Yeah, a vibe.d project with diet templates takes most of its time in the linker, I've found. Basically a big hang after dub prints:

Linking...

> If it's the linker, then you could look into using gold instead of the
> BFD linker.
> 
> I suspect most of your build time is spent in dub, though.  You could
> try various options to turn off network access and dependency resolution
> when running dub, which should improve total running time. (Of course,
> you need to run it at least once without those options so that it pulls
> in required dependencies, but once those are downloaded, there's no need
> to check dependencies every single time.)  You could also ditch dub and
> use your own build system, by creating an empty dummy project in a
> subdirectory and running dub once to pull in your dependencies, then
> link to the artifacts yourself directly. (I did that in one of my own
> projects, and it sped up build time by an order of magnitude.)
> 
> Another possible cause is that Diet templates are very template- and
> CTFE-heavy, and will often soak up gobs of RAM and CPU every time they
> are compiled.  A possible solution is to separate out the Diet templates
> into their own source files, and use separate compilation to avoid
> rebuilding those files unless there was an actual change in the Diet
> code. (I've also run into this in my vibe.d project. I'm considering to
> replace Diet templates with something lighter-weight, but haven't taken
> that step yet.)

I suspect the issue is not exactly the linker, but the symbol name sizes again (probably related to the diet templates). I haven't looked into it enough to see where the problem is coming from, but one of either vibe.d using naming tricks to limit the name size, or D doing something clever with string template parameters should help.

-Steve
November 09, 2018
On Friday, 9 November 2018 at 02:33:42 UTC, Steven Schveighoffer wrote:
> Yeah, a vibe.d project with diet templates takes most of its time in the linker, I've found. Basically a big hang after dub prints:
>
> Linking...

Yep, that's it.

>
> I suspect the issue is not exactly the linker, but the symbol name sizes again (probably related to the diet templates). I haven't looked into it enough to see where the problem is coming from, but one of either vibe.d using naming tricks to limit the name size, or D doing something clever with string template parameters should help.
>

I've tried commenting out all "render" call so I have no diet templates and I save 1 second of total time (10.5 to 9.6) and it's still the linker that takes all the time.

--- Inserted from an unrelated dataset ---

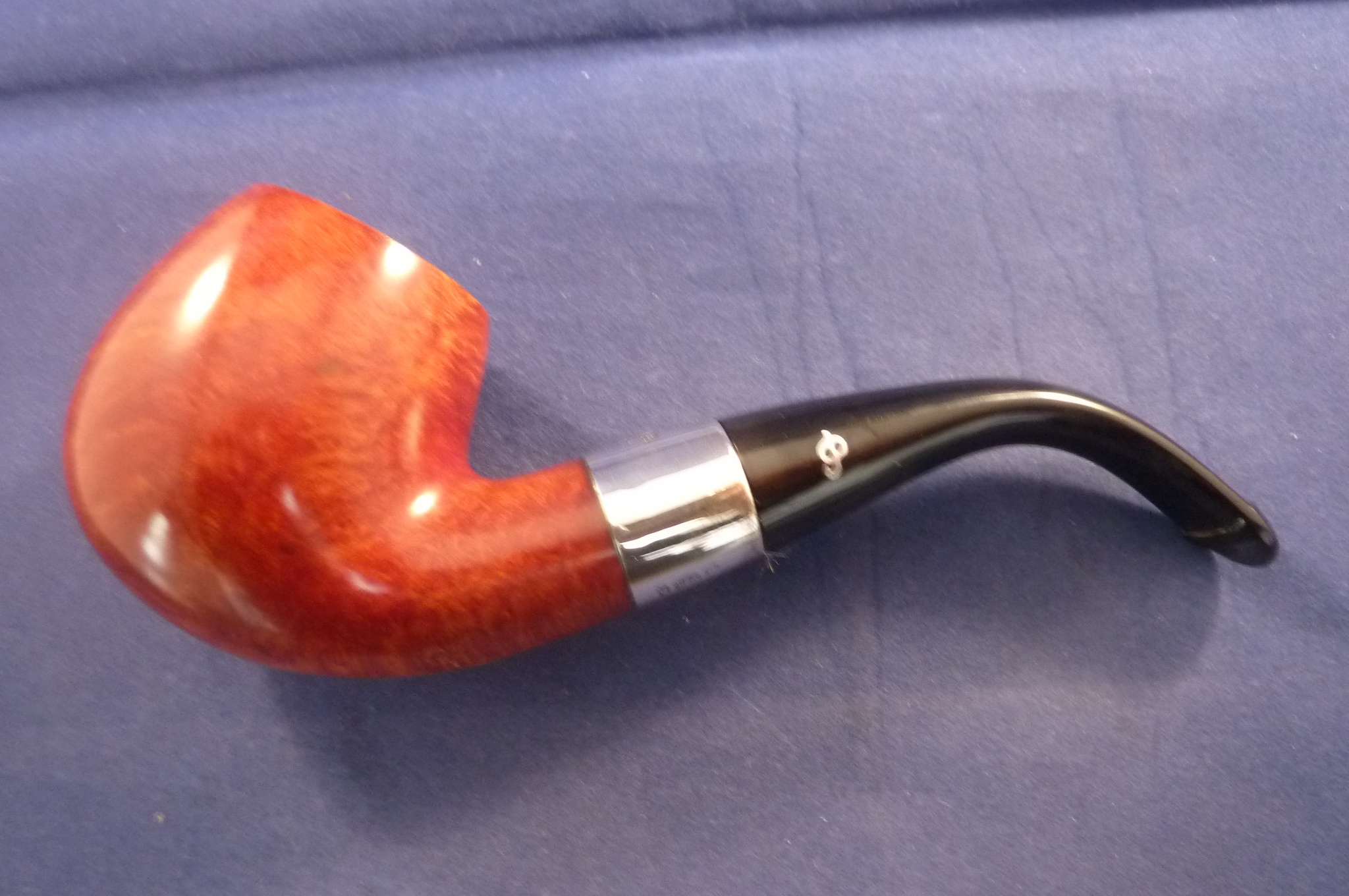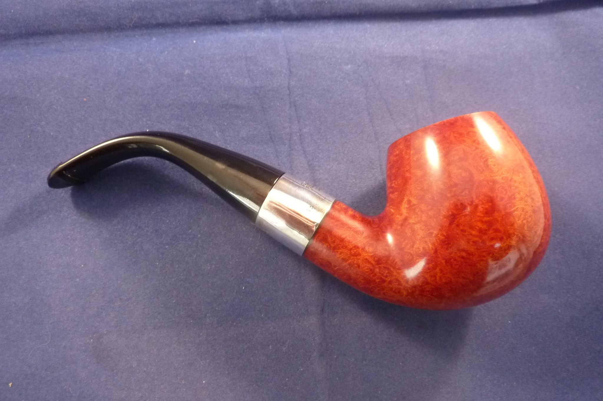 Beautiful Irish briar pipe in a terracotta finish with a sterling silver ring. P-Lip mouthpiece with 9 mm. filter.

I looked at the gold linker and it's already a possible configuration with Gentoo Linux! I've switched and it now compiles and link in 4 seconds! Yah!

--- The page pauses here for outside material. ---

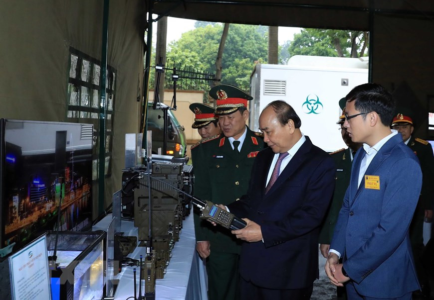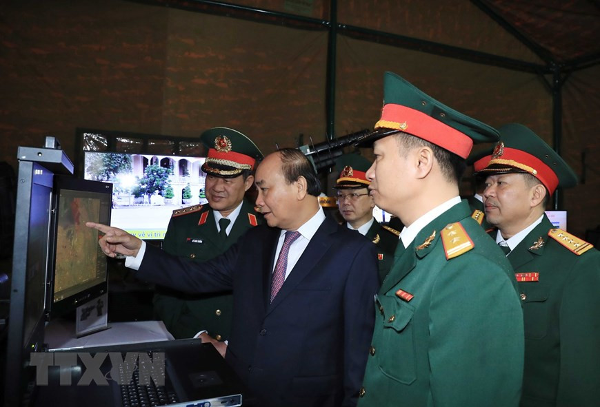 Thủ tướng Nguyễn Xuân Phúc và các đại biểu xem trưng bày các thiết bị quân sự công nghệ cao. (Ảnh: Thống Nhất/TTXVN).

But I don't want to switch my whole system to use gold, is there a way to configure dub or dmd to use usr/bin/ld.gold instead of /usr/bin/ld ?

Thanks!
November 08, 2018
On Fri, Nov 09, 2018 at 02:47:38AM +0000, bennygui via Digitalmars-d wrote: [...]
> I looked at the gold linker and it's already a possible configuration with Gentoo Linux! I've switched and it now compiles and link in 4 seconds! Yah!
> 
> But I don't want to switch my whole system to use gold, is there a way to configure dub or dmd to use usr/bin/ld.gold instead of /usr/bin/ld ?
[...]

You just need to pass the `-L-fuse-ld=gold` flag to your dmd invocation, or `-fuse-ld=gold` for LDC.  Not 100% sure how to configure this in dub, though.


T

-- 
Computers aren't intelligent; they only think they are.
November 09, 2018
On Friday, 9 November 2018 at 02:47:38 UTC, bennygui wrote:
> On Friday, 9 November 2018 at 02:33:42 UTC, Steven Schveighoffer wrote:
>> [...]
>
> Yep, that's it.
>
>>[...]
>
> I've tried commenting out all "render" call so I have no diet templates and I save 1 second of total time (10.5 to 9.6) and it's still the linker that takes all the time.
>
> I looked at the gold linker and it's already a possible configuration with Gentoo Linux! I've switched and it now compiles and link in 4 seconds! Yah!
>
> But I don't want to switch my whole system to use gold, is there a way to configure dub or dmd to use usr/bin/ld.gold instead of /usr/bin/ld ?
>
> Thanks!

Yes, LDC has the -linker=gold flag, that you can use to pass a different linker to your C compiler. Try it with lld, it's the fastest of all the linkers.
November 09, 2018
On Friday, 9 November 2018 at 02:47:38 UTC, bennygui wrote:
> On Friday, 9 November 2018 at 02:33:42 UTC, Steven Schveighoffer wrote:
>> [...]
>
> Yep, that's it.
>
>>[...]
>
> I've tried commenting out all "render" call so I have no diet templates and I save 1 second of total time (10.5 to 9.6) and it's still the linker that takes all the time.
>
> I looked at the gold linker and it's already a possible configuration with Gentoo Linux! I've switched and it now compiles and link in 4 seconds! Yah!
>
> But I don't want to switch my whole system to use gold, is there a way to configure dub or dmd to use usr/bin/ld.gold instead of /usr/bin/ld ?
>
> Thanks!

For dmd there is the dmd.conf file which has the DFLAGS attribute.
I am not an expert in this area but you may could set here the
default linker.

Kind regards
André
November 09, 2018
On Friday, 9 November 2018 at 03:47:09 UTC, Joakim wrote:
> On Friday, 9 November 2018 at 02:47:38 UTC, bennygui wrote:
>> [...]
>
> Yes, LDC has the -linker=gold flag, that you can use to pass a different linker to your C compiler. Try it with lld, it's the fastest of all the linkers.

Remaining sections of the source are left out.